Looks to be similar to the Hitachi M12V ,except it appears to be single speed. Probably a solid and reliable router from everything I've read about the M12v. For $79 I'd grab it.


----------



## Phil P (Jul 25, 2010)

Hi Tim

I thought the TR12 was the model which preceded the M12 (mk1). I can recall references to them in Fine WoodWorking magazine 25 or more years back (I just looked at a few old copies of FWW and they are certainly advertised in FWW #37, Nov/Dec _1982_, yes eighty-two!). I recall reading that theye were pretty reliable routers with one minor flaw - Hitachi didn't put fully shielded bearings in them which made them prone to premature lower bearing failure when used constantly in a router table. I also recall the solution; the bearings are apparently proprietory so 3rd party _shielded_ replacements should be a breeze to obtain when the time comes.
Hope that helps

Incidentally, that Amazon page seems a bit screwed up..... _"Here is the ultimate value in *18V cordless combo kits*"_ ?????

Regards

Phil


----------



## TWBryan (Aug 4, 2011)

Phil,I bow to your superior knowledge.I was going by the hp rating and what I've been able to find out researching my own hitachi router.
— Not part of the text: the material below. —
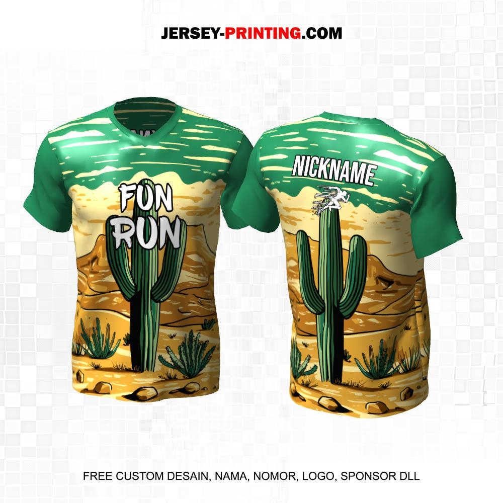 Jersey Lari Hijau Coklat Motif Kaktus 385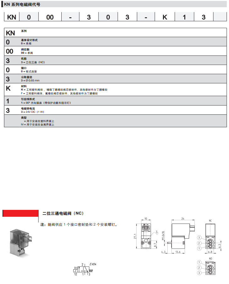 KN000-303-K13,KN000-303-F13,KN000-303-K13M,camozzi直動(dòng)式微型電磁閥

I couldn't find anything wrong with the amazon link,perhaps you are logged into a different version/country of Amazon and it's tossing you to what ever it can find? I think it's a good value based on the price $79 for a 3 1/2 hp router. But that's up to Rayzor51 to determine,I'd at least ask to turn the thing on and listen for any rattling before handing over the $$$.


----------



## rayzor51 (Jul 3, 2011)

thanks all for the input I think I will buy new I have since found out there are no spanners or guides for the darn thing so new will be better., at least a warranty.

how about 1/2" ryobi?


----------



## chopnhack (Nov 11, 2009)

FWIW Rayzor I have had my m12v for about 10 years and its a workhorse.


----------



## rayzor51 (Jul 3, 2011)

thanks John


----------



## Mike (Nov 22, 2004)

Did anyone notice the new M 12VE link at the bottom of the page? This looks like the best deal in the 3+ hp range. It includes a bit and guide bushing along with the other goodies and for $209... I wonder if BJ has ordered one yet?

http://www.amazon.com/Hitachi-M12VE-High-Powered-Variable-Plunge/dp/B004BG2JJO/ref=pd_sim_sbs_hi_7


----------



## TWBryan (Aug 4, 2011)

I have this one-

Amazon.com: Hitachi M12V2 15 amp 3-1/4-Horsepower Plunge Base Variable Speed Plunge Router with 1/4-inch and 1/2-inch Collets: Home Improvement

I was pretty impressed with the value for the money. Were I going to buy new today I would likely buy the 2 1/4 hp Milwaukee combo kit . I really like the little Milwaukee 5615 I own.


----------



## chopnhack (Nov 11, 2009)

Np, gl


----------